Auditing QC Laboratories Training
About This Course
This course provides you with the necessary skills and an understanding of how you can check for evidence of both effective data management and data fraud during chemical quality control (QC) laboratory audits. It also ensures you understand how chemical QC laboratories should manage the generation, analysis, reporting and storage of data.
Regulatory concerns over pharmaceutical data integrity mean that it is essential you conduct effective audits of your QC laboratories. This course covers key elements of the chemical QC laboratory management system that pose the greatest risk to data integrity. Failure to comply with basic Good Manufacturing Practice (GMP) expectations can easily be interpreted as critical data integrity issues by regulatory inspectors, so it is vital that you thoroughly audit your own systems and those of any contractors you employ.
QC laboratories provide the data upon which critical decisions, such as batch release and the stability of product, are based. If the chemical laboratory data is incorrect, then decisions may be wrong with potentially disastrous consequences for companies and patients. Unfortunately, a significant proportion of recent regulatory inspection issues with data integrity were related to data generated by QC laboratories.
Key Learning Objectives
By the end of this auditing QC labs training course you will know and understand:
- The elements that make up an effective data management system within a chemical QC laboratory
- How key elements of the QC laboratory data management system contribute to the assurance of data integrity:
- Documentation (electronic and paper-based)
- Sampling and sample management
- Laboratory equipment
- Analytical methods (validation, verification and transfer)
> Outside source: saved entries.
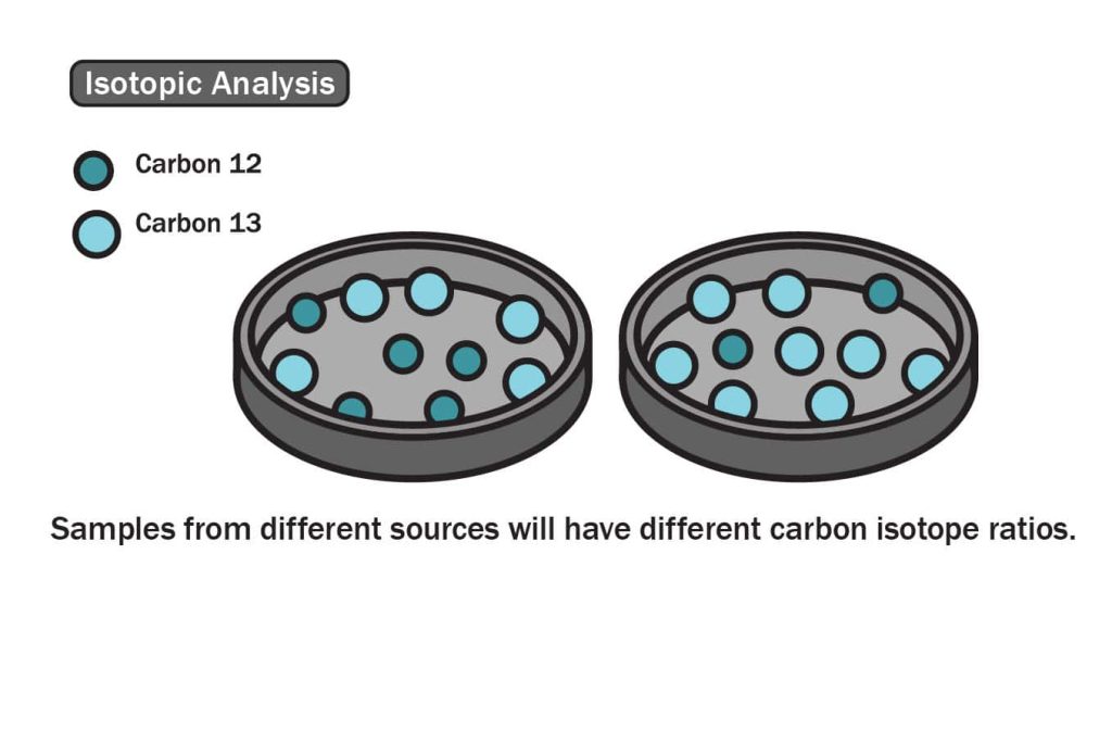 Una forma especial de espectrometría de masas permite determinar qué isótopos están presentes y en qué cantidades en un aceite esencial. Para los aceites esenciales de la misma ubicación, las proporciones de isótopos deben ser consistentes para cada componente. Si un componente específico muestra un perfil isotópico diferente, esto indica al analista de control de calidad que el aceite ha sido alterado.
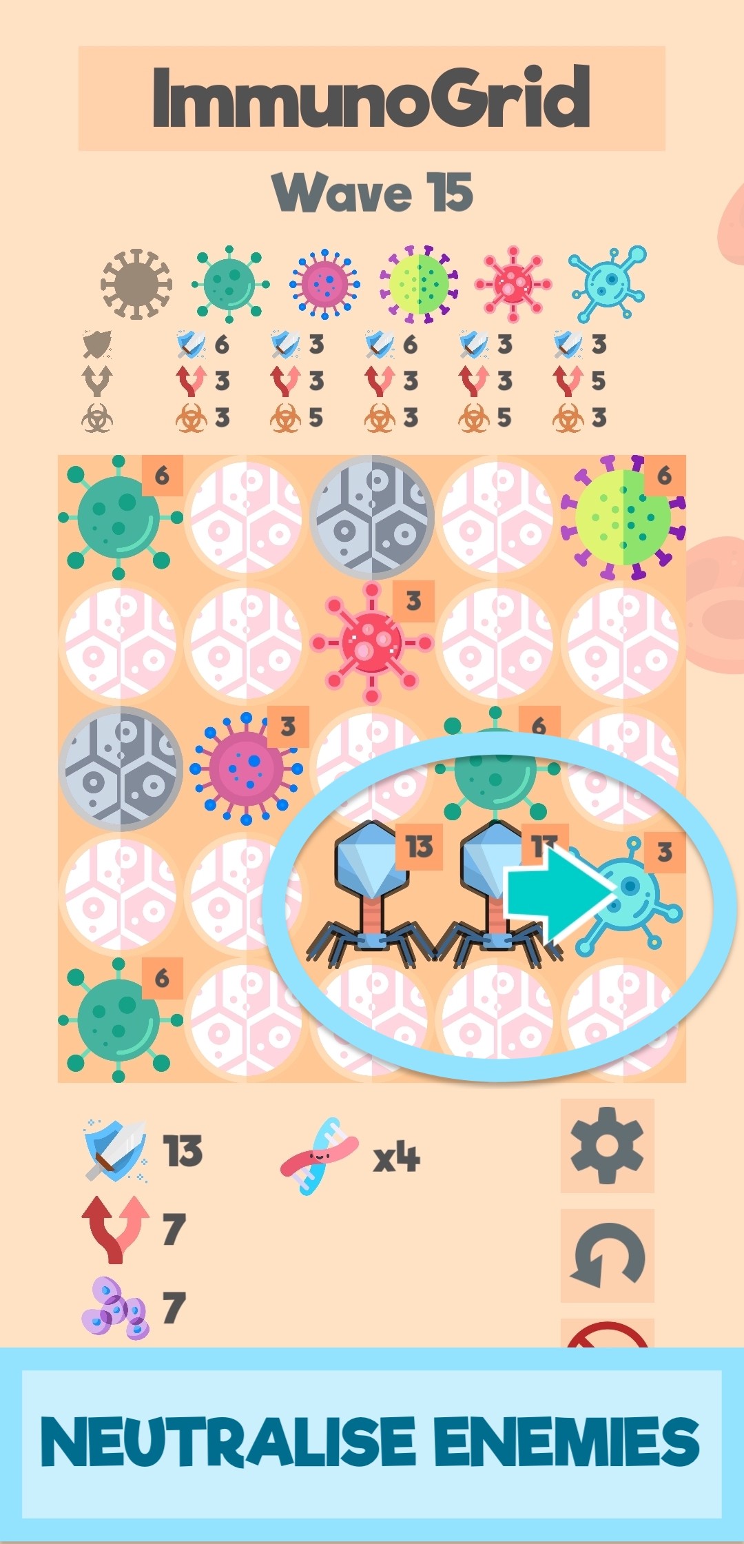 Take control of specialised genetic antibodies to fight off waves of invading bacteria.
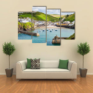 Capture the tranquil beauty of a coastal town with this canvas art featuring a scenic harbor filled with boats. The peaceful palette of blue and green enhances any wall, bringing a touch of nature indoors.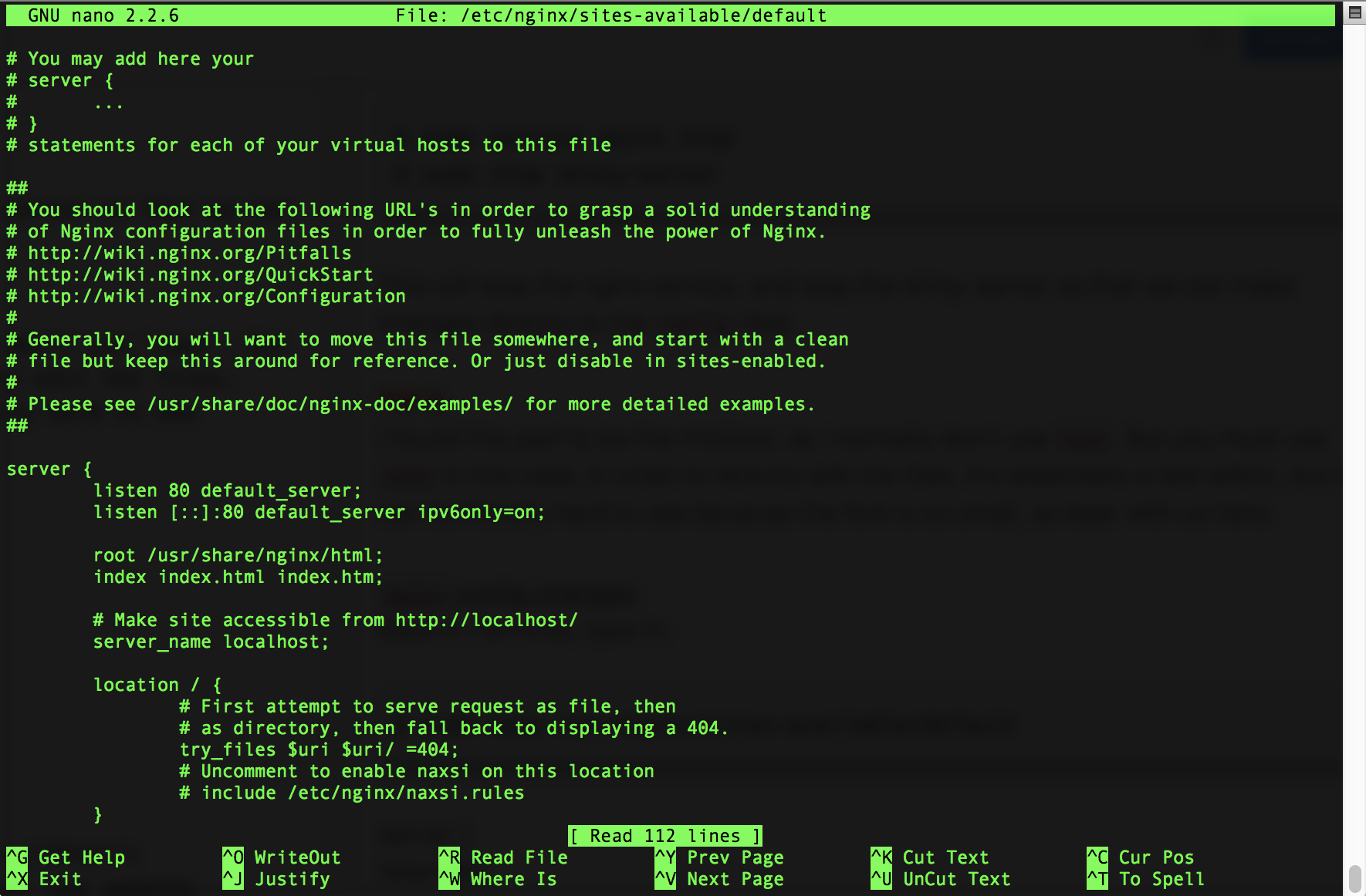 $ sudo nano /etc/nginx/sites-available/default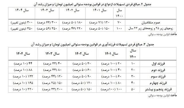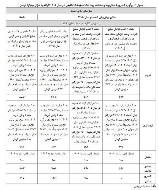 بنابراین با توجه به اهمیت پرداخت تسهیلات ازدواج و فرزندآوری و همچنین ضرورت کاهش صف متقاضیان تا حد ممکن و عدم ایجاد نارضایتی از آن محل، پیشنهاد می‌شود مبالغ فردی تسهیلات ازدواج و فرزند بدون تغییر و معادل ارقام قانون بودجه سال ۱۴۰۴ لحاظ شده اما سقف کلی تسهیلات تکلیفی معادل ۵۸۵ همت (۴۸۵ همت ازدواج و فرزند و ۱۰۰ همت اشتغال) در نظر گرفته شود. البته لازم به ذکر است که بر اساس تبصره یک ماده ۱۰ و تبصره ۴ ماده ۶۸ قانون حمایت از خانواده و جوانی جمعیت در مورد رشد ارقام تسهیلات ازدواج و فرزندآوری متناسب با تورم، اصلاح قانون یادشده به منظور تعیین محل منابع برای پوشش بار مالی آن لازم به نظر می‌رسد.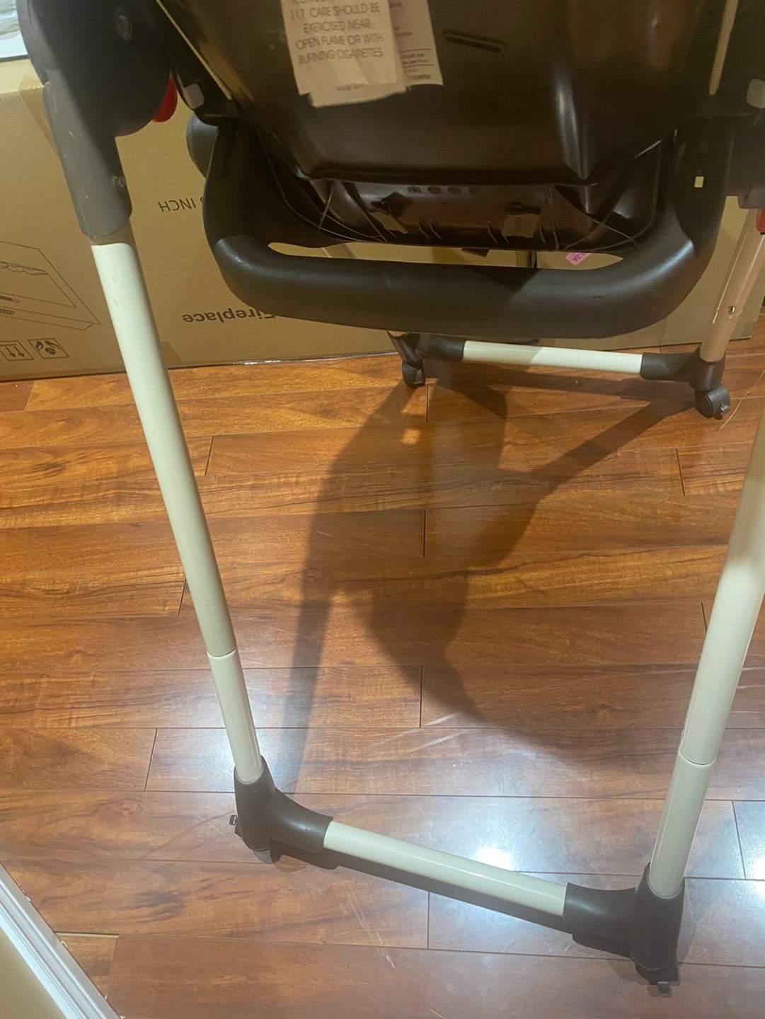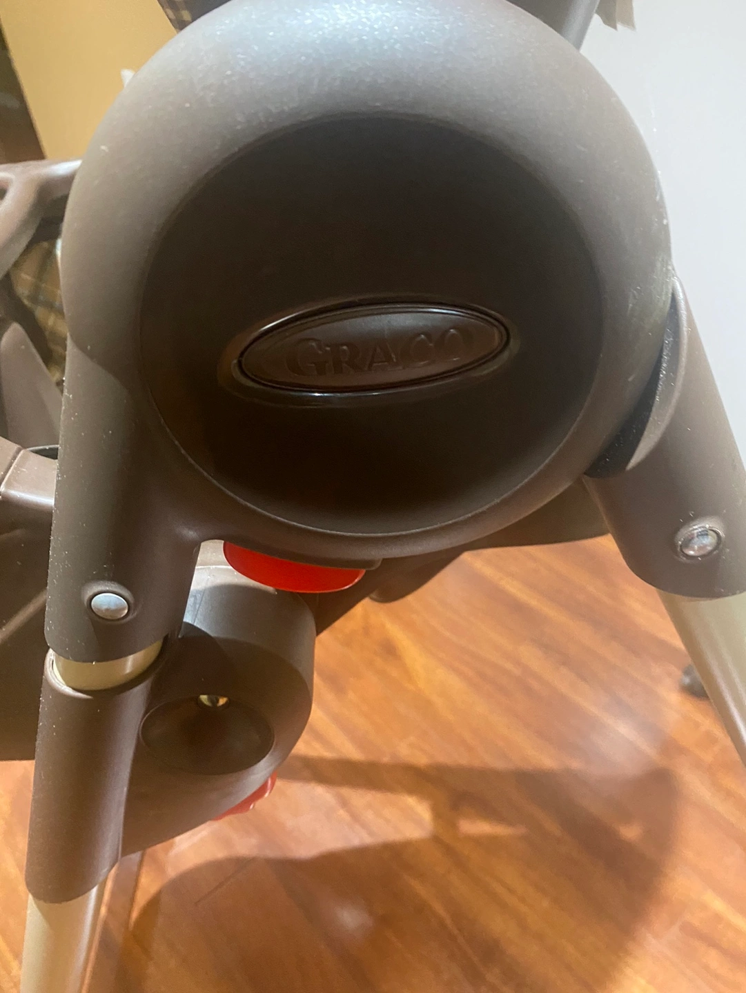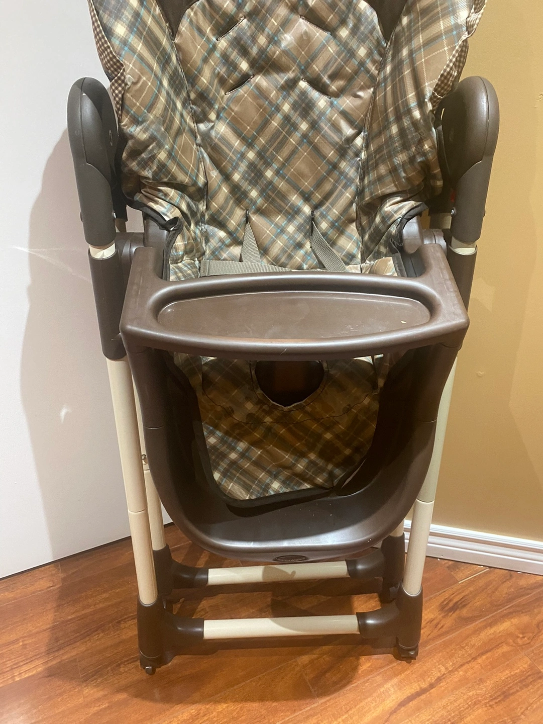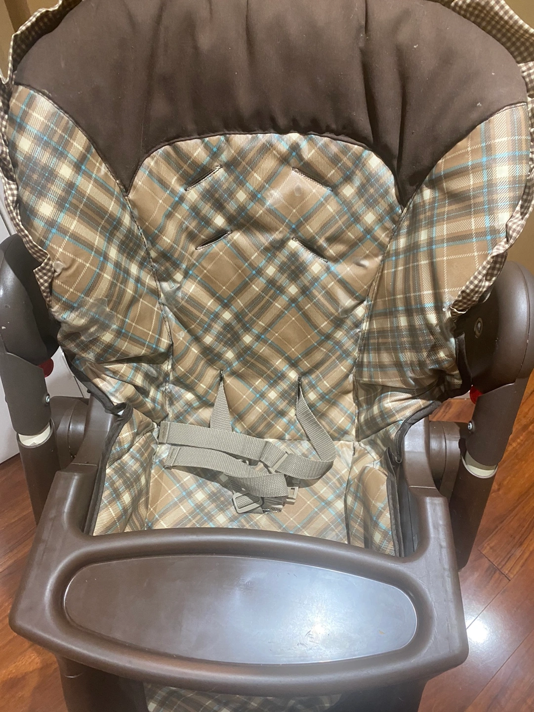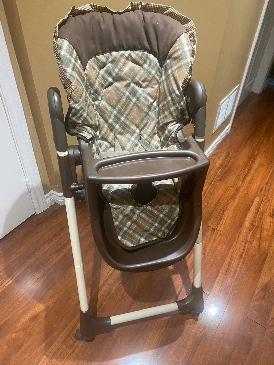 1000+This is a high chair. It has a brown and tan plaid pattern. It has wheels on the bottom and can be adjusted to different heights. It has a tray. Please check my other listings too - thanks

- Chromatography and integration
- Out of specification (OOS) and out of trend (OOT) results
- How to audit QC laboratories effectively to ensure compliance with data integrity expectations
Course Outline
- Overview of Good Control Laboratory Practice (GCLP) and the potential for different elements to impact data integrity
- Planning an audit of a QC laboratory
- Best practices for laboratory documentation
- Sampling and management of lab sample
- Qualification and calibration of laboratory equipment
- Classifying laboratory audit findings
- Validation, verification and transfer of analytical methods
- Chromatography (a risk area for data integrity)
- Managing OOS & OOT results (investigations and reporting)
- Preparation of an aide-mémoire to audit a laboratory
Who Would Benefit
This course is ideal for personnel who work in a chemical QC laboratory or who have a quality oversight role and wish to learn how to conduct comprehensive audits of QC chemical laboratories.